The Earth First! Newswire claims only to provide information about "direct action in defense of living systems around the world."


BLM spokesman Jim Whittington said the agency has no evidence that any trees on the sale have been spiked.


"I know there's been that kind of wording thrown out before, but this is the first I've heard that someone claims to have done it," Whittington said.


Tree-spiking is the practice of driving spikes or large nails into trees as a threat to maim or kill a logger who hits one with a chainsaw or a millworker sawing the logs. It was a practice used in the 1980s by radical environmental activists to halt old-growth logging in the Pacific Northwest.


As in today's announcement, past tree-spikings were announced in an attempt to keep the timber sales from being purchased, coax loggers not to cut the trees or warn millworkers not to saw the logs for fear of being injured or killed.

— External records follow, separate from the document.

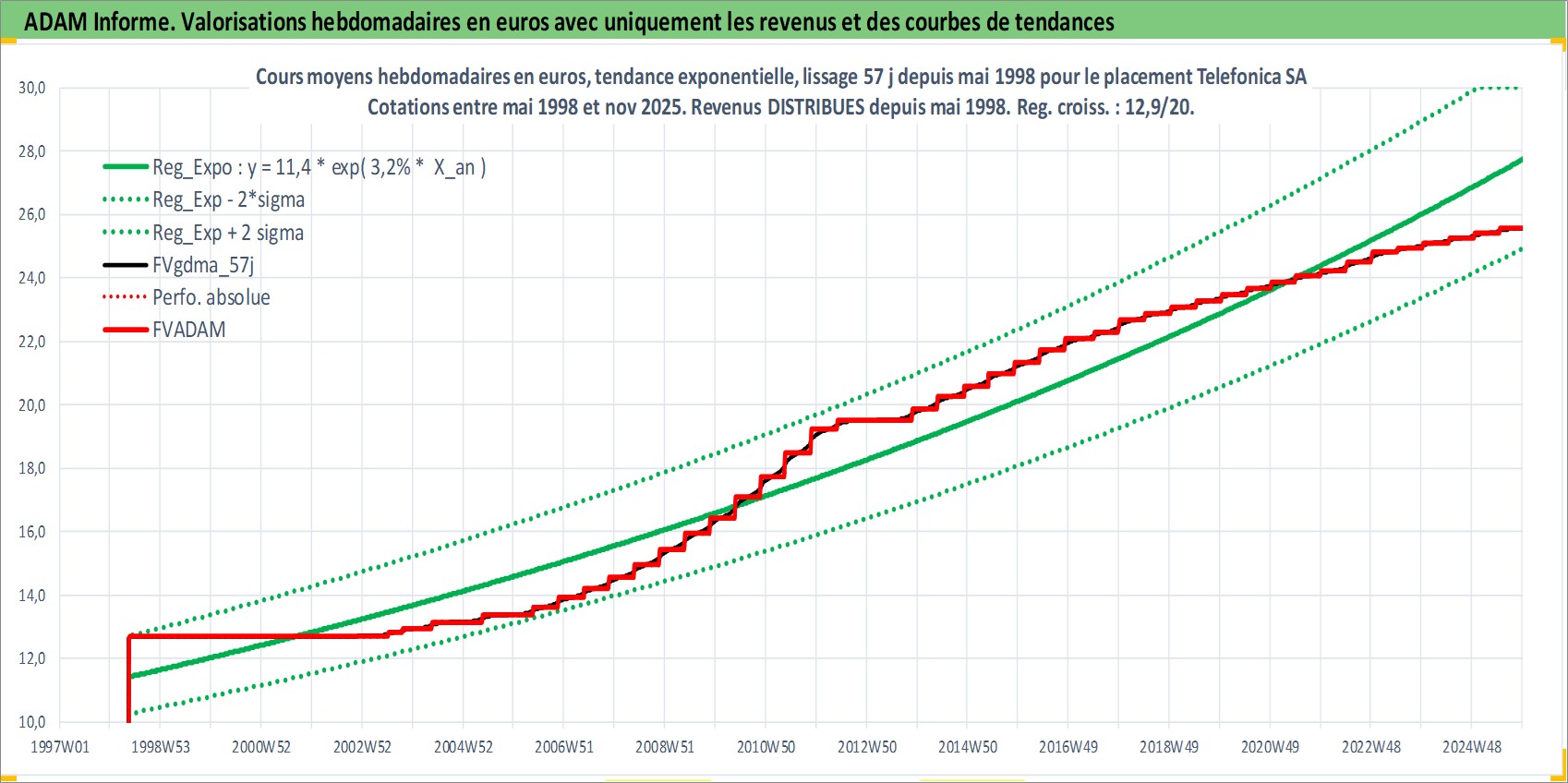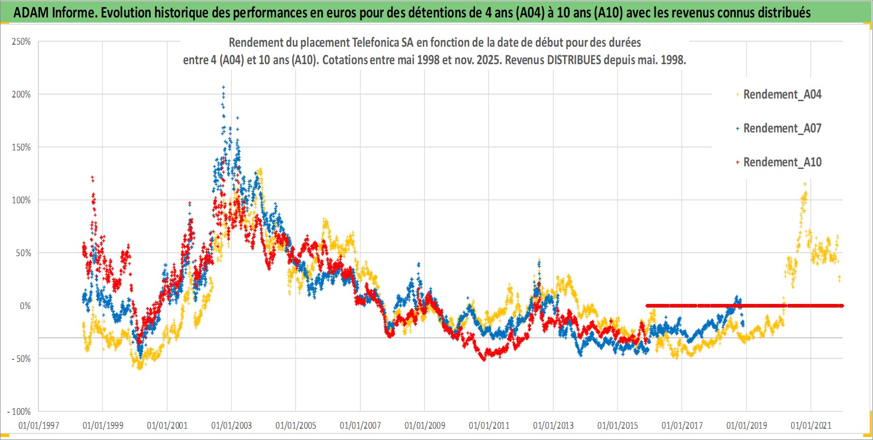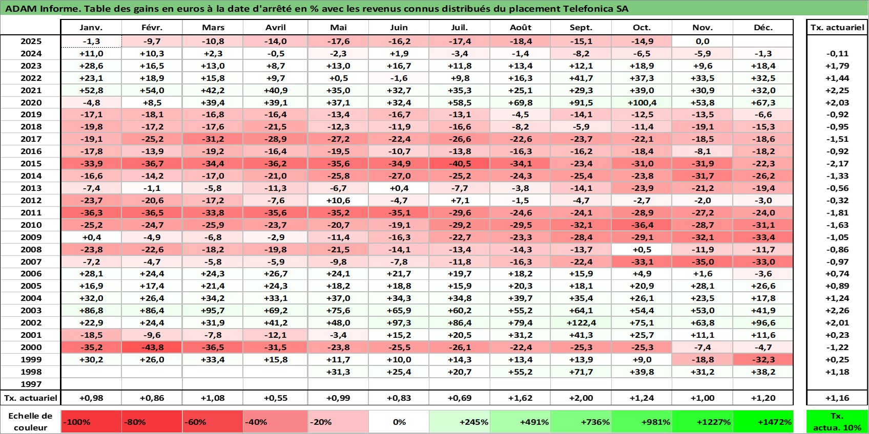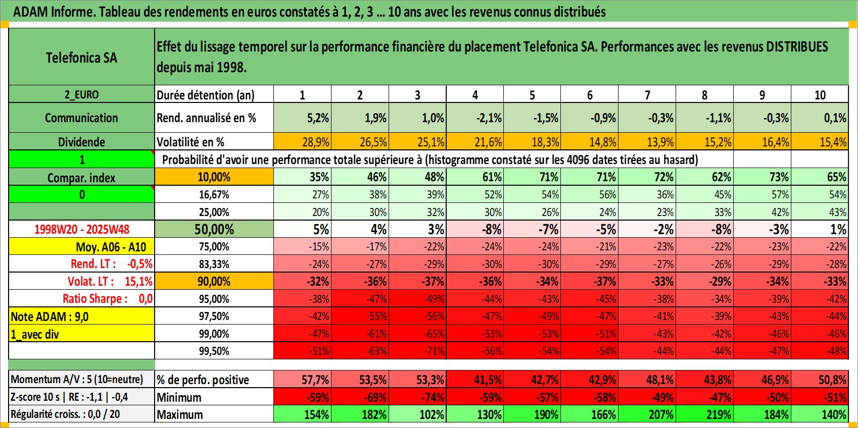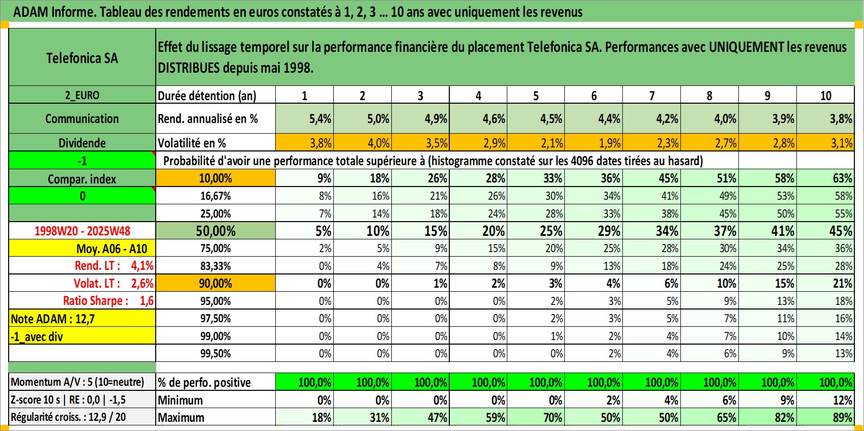 Site dédié aux investisseursPage dédiée sur site financeAnalyse des valorisations hebdomadaires de l'action Telefonica SA. Cet actif est cote en EUR. Les valorisations couvrent les semaines 1998W20 a 2025W48. Les revenus de cet actif financier sont pris en compte depuis la semaine 1998W21. La note globale ESG de cet actif est estimee a 12.0 (apres rebasage entre 0 et 20).
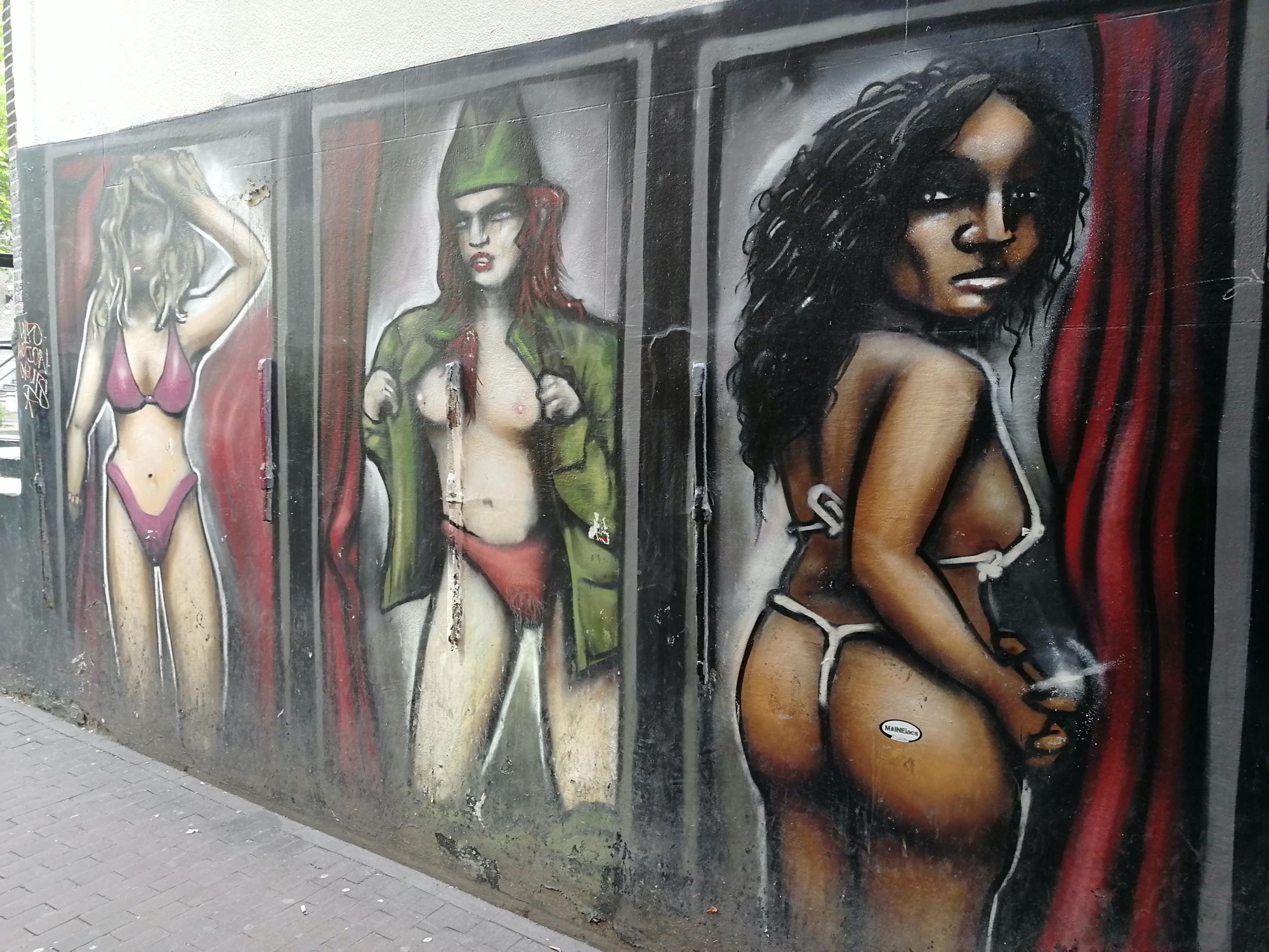 The artwork is of graffiti type. You can admire it in the city of Amsterdam in Netherlands and more precisely here : Oudezijds Voorburgwal 90, 1012 GG Amsterdam, Pays-Bas.
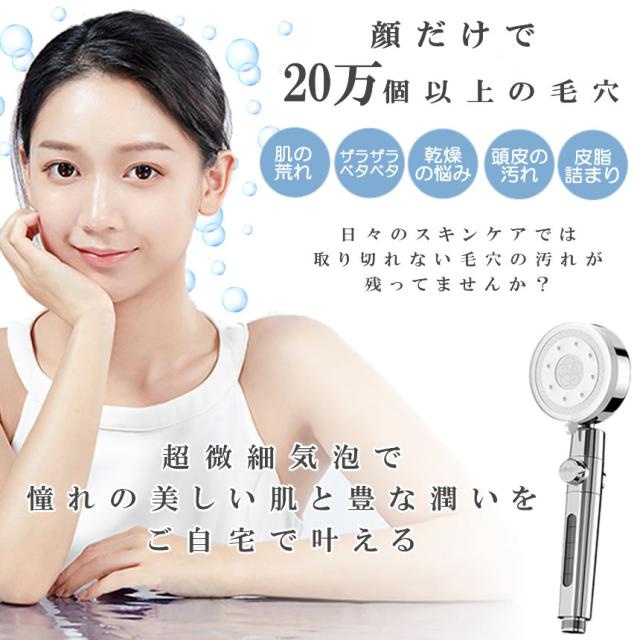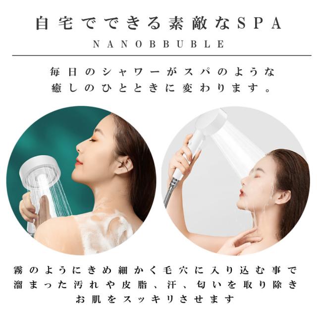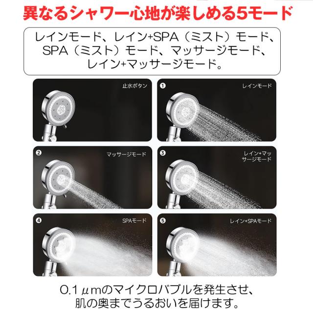 シャワーヘッド 節水 ミスト 塩素 除去 マイクロナノバブル ナノバブル 水流 高水圧 手元止水 手元スイッチ 5段階 モード 水圧調整 浄水 シャワー アダプター付き 汎用 G1/2 取付簡単 美容 節水シャワーヘッド 美肌 保湿 お風呂
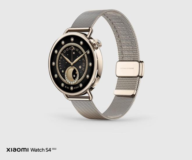 据介绍,该手表为小米首款小尺寸智能腕表,采用“精致表径纤薄表体”设计;其中“流沙金”配色版本配有金色米兰尼斯表带,表冠采用多面切割设计。
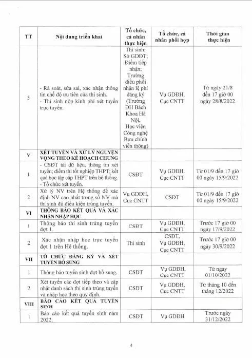 Từ 22-7 đến 20-8, thí sinh chính thức đăng ký xét tuyển và điều chỉnh nguyện vọng (không giới hạn số lần) trên hệ thống tuyển sinh của Bộ GD&ĐT. Đây cũng là thời gian thí sinh trúng tuyển thẳng có thể xác nhận nhập học trên hệ thống tuyển sinh của Bộ GD&ĐT và nhập học sớm tại các trường đại học.
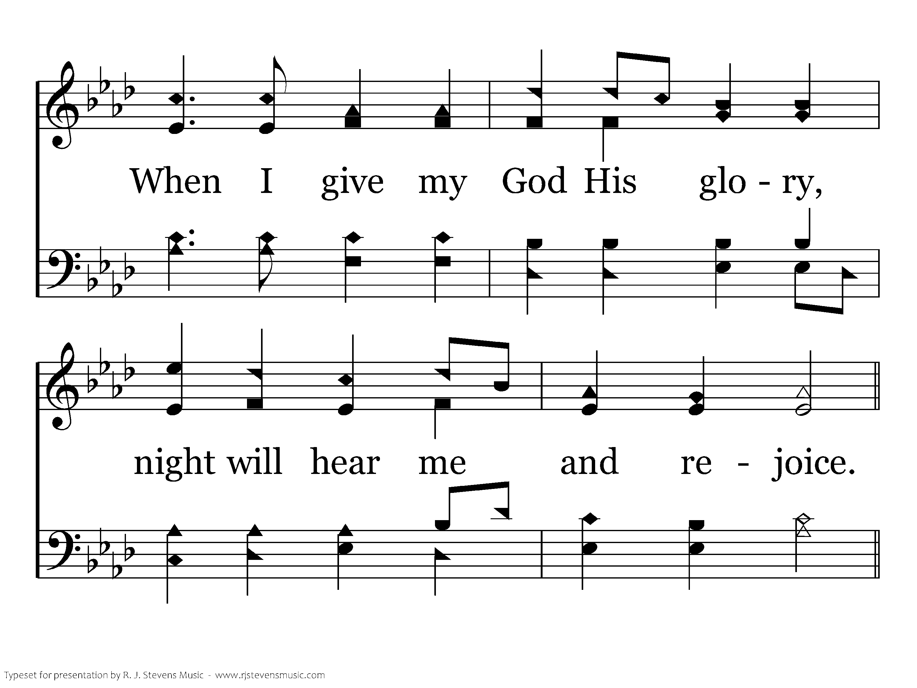 Stars and joy in praises from me; "lesser light" will know my voice. When I give my God His glory, night will hear me and rejoice.
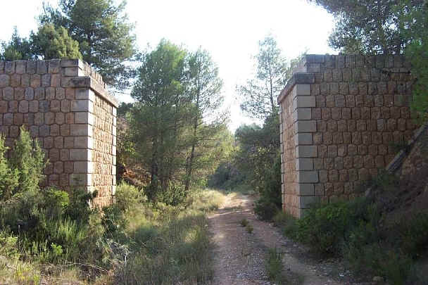105. Viaducto. Viaducto de la Albosa (o del Rebollo o de Cañá Grande) (latitud 39º28’15.47”N; longitud 1º20’52.46”O). Incompleto. Impracticable. Estaba proyectado dos arcos a cada lado de 12 metros de luz y en medio un gran arco con 30 metros de luz que salvaba todo el cauce de la rambla. Sólo se realizaron los dos arcos del margen derecho de la rambla. Están preparados para doble vía. Arcos de hormigón armado de medio punto. Enjutas con mampostería concertada de aparejo poligonal. Pilares intermedios que soportan la estructura son de hormigón armado con sillería fingida que se resalta en las esquinas. Buen estado. Utilizado para deportes de aventura. Existe plano en el AGA.
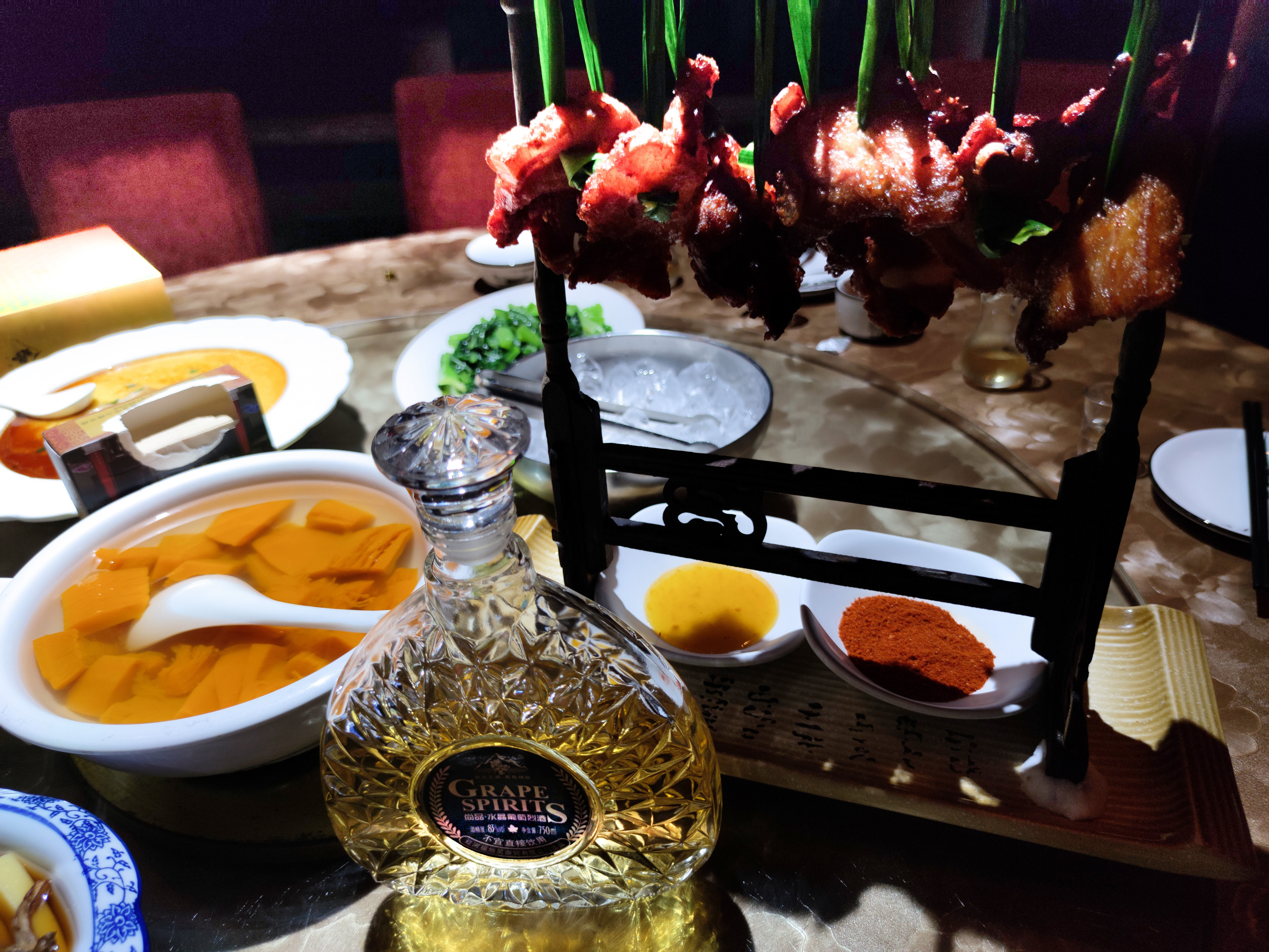 云南夜局的狠活,是83度葡萄烈酒怼满冰——琥珀酒液裹着果香撞进喉咙,烈劲儿裹着凉意直接炸场。悬架上的烤肉串着青葱段,焦皮浸满烟火气,裹酱滚辣粉的瞬间,脂香烫得嘴麻还想狂炫。甜糯南瓜汤接住酒意,这冰火对撞的爽感,谁喝谁喊“这哪是酒是续命神器啊”!

BLM is offering the sale of about 5 million board feet of timber scattered over 1,112 acres as part of its Nedsbar Forest Management Project, which includes logging on O&C lands as well as separate fire-reduction projects.


A group called the Applegate Neighborhood Network has opposed the sale, which includes logging within a 5,000-acre wilderness study area near Bald Mountain.


The Applegate Neighborhood Network put forth a community-generated alternative that called for logging about 1 million board feet of timber, but the proposal was not chosen in the final BLM decision unveiled Sept. 1.


The group has filed an administrative protest of the sale through the BLM, and it plans a protest rally Thursday morning outside the BLM's office in Medford.


Today's post also calls on Nedsbar opponents to ignore working with Applegate Neighborhood Network and shun those who do, according to the text. 


"Rather than begging for concessions from, or trying to use the institutions that perpetuate the current state of affairs, how about working in small leaderless groups and taking direct action in any way you see fit?" the post states.


Applegate Neighborhood Network board member Chris Bratt, who is a veteran of old timber wars in the Applegate Valley, said he believes the purported tree-spiking makes it more difficult for the group to leverage change within BLM's Nedsbar plan.


"We have never really believed in violence working with the Forest Service and BLM," Bratt said. "It gets in the way of making decisions.


"I can understand anger," Bratt said. "But pulling that kind of stuff isn't going to solve the problem."